Babusar Pass or Babusar Top (Urdu: درہ بابوسر) (elevation ) is a mountain pass in Pakistan at the north of the 150 km (93 miles) long Kaghan Valley, connecting it via the Thak Nala with Chilas on the Karakoram Highway (KKH). It is the highest point in Kaghan Valley that can be easily accessed by cars.

The Babusar Pass connects Khyber Pakhtunkhwa with Gilgit-Baltistan. It is one of the most dangerous routes in Pakistan. Every year, many deaths happen here due to the mountainous slopes, which are among the most dangerous in the world. The most common reason for death is the brake failure of cars due to inexperience. Babusar Top was originally known as Babur Top, originating from the fact that the Mughal emperor Babur used to pass through this area in the early 16th century.
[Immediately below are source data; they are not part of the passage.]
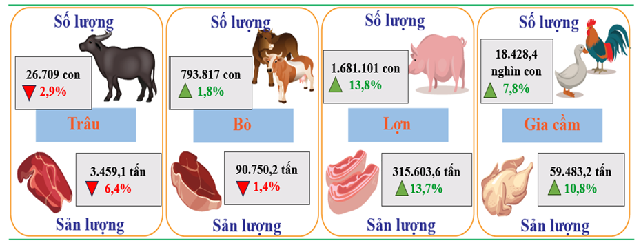 - Chỉ số nhóm sản phẩm từ chăn nuôi tăng 2,7% so cùng kỳ. Trong đó, giá nhóm sản phẩm trâu, bò giảm 1,8% so cùng kỳ, giá lợn tăng 1,2% so cùng kỳ; giá nhóm gia cầm tăng 6,4%.
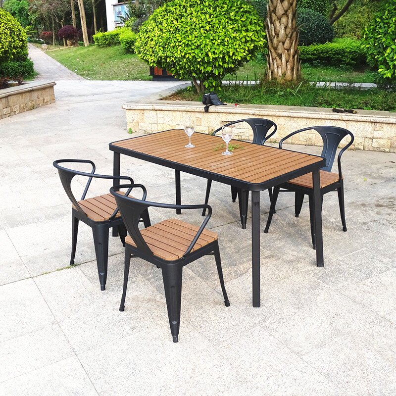 Столы на открытом воздухе и стульев Комбинированные балконы столы и стулья, водонепроницаемый солнцезащитный крем, деревянный стул, железный наружный стул, три или пять сетов
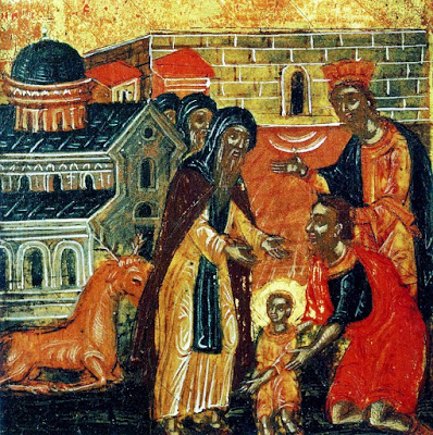 Βλέπει τότε τον Ονούφριο να πλησιάζει στο τέµπλο, να στέκεται µπρος στην εικόνα της Παναγιάς της Βρεφοκρατούσας και απλώνοντας ανοιχτά την παλάµη του µε το ψωµί να λέει στον µικρό Χριστό:
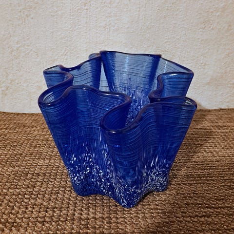 Tulipan-vase i Koboltblått glass/krystall. Håndlaget/munnblåst
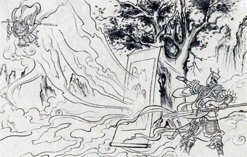 杨戬大喜,依计行事。他将山河社稷图悬于一棵大树上,再上梅山来战袁洪。二人战在一处,战不几合,杨戬转身就走,袁洪随后赶来。杨戬下了梅山,忽见前面一座高山,杨戬径上了山,袁洪随后也赶上山来,他岂知此山乃山河社稷图变化而成的。袁洪赶上山来,便进了圈套,再也不能下山。
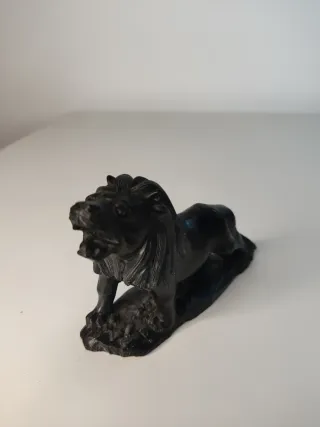 Elegante figura decorativa de un león en color negro. Su diseño detallado le da un toque de distinción a cualquier espacio. - Material: Piedra. - Color: Negro intenso. - Base texturizada.
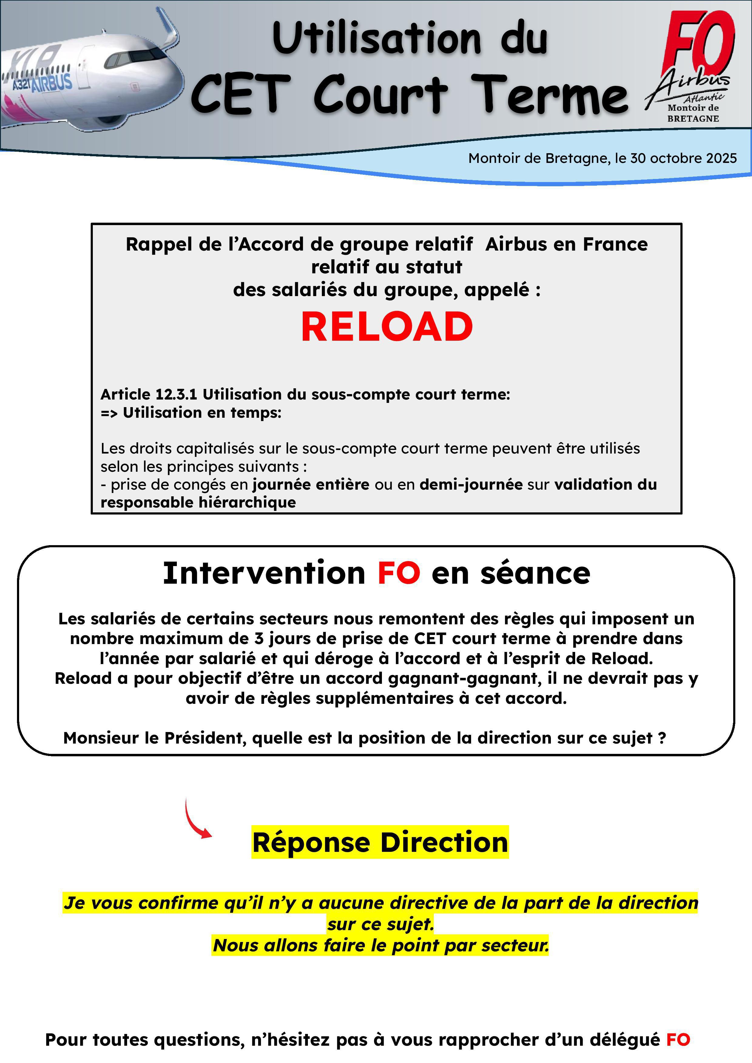 Intervention FO en CSE-E : Utilisation du CET Court Terme

Nowadays however, it is commonly referred to as Babusar Top.

Climate 
The Kaghan Valley is at its best during summer (from May to September). In May, the maximum temperature is 11 °C (52 °F) and the minimum temperature is 3 °C (37 °F). From the middle of July up to the end of September the road beyond Naran is open right up to the Babusar Pass. However, movement is restricted during the monsoon and winter seasons. The Kaghan area can be accessed by road via the cities of Islamabad or Peshawar.

Geography 
The mountain ranges which enter the Mansehra District from Kashmir are the offshoots of the great Himalayan system. In the Kaghan Valley, the mountain system is the highest of the area including the Babusar Top. This range flanks the right bank of the Kunhar River, and contains a peak called Malika Parbat, which is over 17,000 feet high, and is the highest in the valley.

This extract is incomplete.